» Assignment
Type out the data exactly as given. Skip any image.

» Data segment
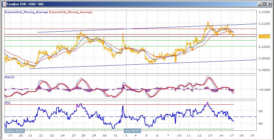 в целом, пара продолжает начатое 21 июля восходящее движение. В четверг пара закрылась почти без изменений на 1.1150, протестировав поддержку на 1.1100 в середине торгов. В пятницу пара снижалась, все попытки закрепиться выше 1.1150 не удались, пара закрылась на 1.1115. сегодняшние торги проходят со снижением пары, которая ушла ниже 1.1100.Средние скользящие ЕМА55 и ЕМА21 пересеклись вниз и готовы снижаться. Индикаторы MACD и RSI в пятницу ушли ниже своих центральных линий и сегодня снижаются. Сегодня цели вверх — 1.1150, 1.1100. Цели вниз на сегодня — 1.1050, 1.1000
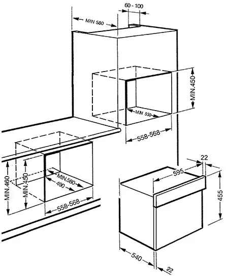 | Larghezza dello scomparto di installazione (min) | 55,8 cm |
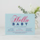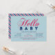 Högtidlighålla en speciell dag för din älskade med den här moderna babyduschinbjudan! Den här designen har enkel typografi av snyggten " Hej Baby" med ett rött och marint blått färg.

» Result of the exercise
 в целом, пара продолжает начатое 21 июля восходящее движение. В четверг пара закрылась почти без изменений на 1.1150, протестировав поддержку на 1.1100 в середине торгов. В пятницу пара снижалась, все попытки закрепиться выше 1.1150 не удались, пара закрылась на 1.1115. сегодняшние торги проходят со снижением пары, которая ушла ниже 1.1100.Средние скользящие ЕМА55 и ЕМА21 пересеклись вниз и готовы снижаться. Индикаторы MACD и RSI в пятницу ушли ниже своих центральных линий и сегодня снижаются. Сегодня цели вверх — 1.1150, 1.1100. Цели вниз на сегодня — 1.1050, 1.1000
 | Larghezza dello scomparto di installazione (min) | 55,8 cm |
 Högtidlighålla en speciell dag för din älskade med den här moderna babyduschinbjudan! Den här designen har enkel typografi av snyggten " Hej Baby" med ett rött och marint blått färg.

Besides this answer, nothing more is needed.